Custody No-Action Letter

 

 

Today, the Securities and Exchange Commission responded to a no-action letter request from the Investment Adviser Association regarding transfers of assets based on client letters of authorization and custody.

In the No-action letter, the SEC clarifies that the Commission believes that a letter of instruction or other similar asset transfer authorization arrangement established by a client and submitted by an investment adviser to the qualified custodian would constitute an arrangement under which an investment adviser is authorized to withdraw client funds or securities maintained with a qualified custodian. Based on the recent no-action letter, upon instruction by the investment adviser to the qualified custodian, the adviser is deemed to have custody and, as a result, is subject to a surprise custody examination.

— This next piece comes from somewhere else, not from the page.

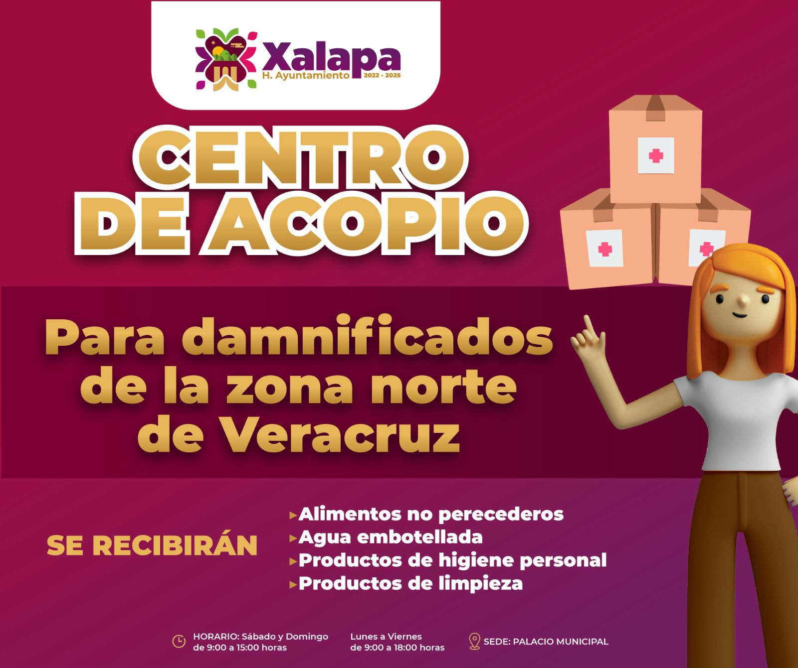 Xalapa, Ver.- El Ayuntamiento de Xalapa reitera la invitación a la ciudadanía, así como a los distintos sectores sociales y productivos de la capital, a continuar sumándose a la donación de víveres y artículos de primera necesidad en apoyo a las familias damnificadas por las recientes lluvias registradas en la zona norte de Veracruz.

The Division of Investment Management noted, however, that it would not recommend enforcement action to the Commission under Section 206(4) of, and Rule 206(4)-2 under, the Advisers Act against an investment adviser if that adviser does not obtain a surprise examination where it acts pursuant to such an arrangement under the following circumstances:

 

  1. The client provides an instruction to the qualified custodian, in writing, that includes the client’s signature, the third party’s name, and either the third party’s address or the third party’s account number at a custodian to which the transfer should be directed.

 

  1. The client authorizes the investment adviser, in writing, either on the qualified custodian’s form or separately, to direct transfers to the third party either on a specified schedule or from time to time.

 

  1. The client’s qualified custodian performs appropriate verification of the instruction, such as a signature review or other method to verify the client’s authorization, and provides a transfer of funds notice to the client promptly after each transfer.

 

  1. The client has the ability to terminate or change the instruction to the client’s qualified custodian.

 

  1. The investment adviser has no authority or ability to designate or change the identity of the third party, the address, or any other information about the third party contained in the client’s instruction.

 

  1. The investment adviser maintains records showing that the third party is not a related party of the investment adviser or located at the same address as the investment adviser.

 

  1. The client’s qualified custodian sends the client, in writing, an initial notice confirming the instruction and an annual notice reconfirming the instruction.

 

In addition, beginning with the next annual updating amendment after October 1, 2017, an investment adviser should include client assets that are subject to a letter of instruction or other similar asset transfer authorization that results in custody, including instances following the above relief, in its response to Item 9 of Form ADV.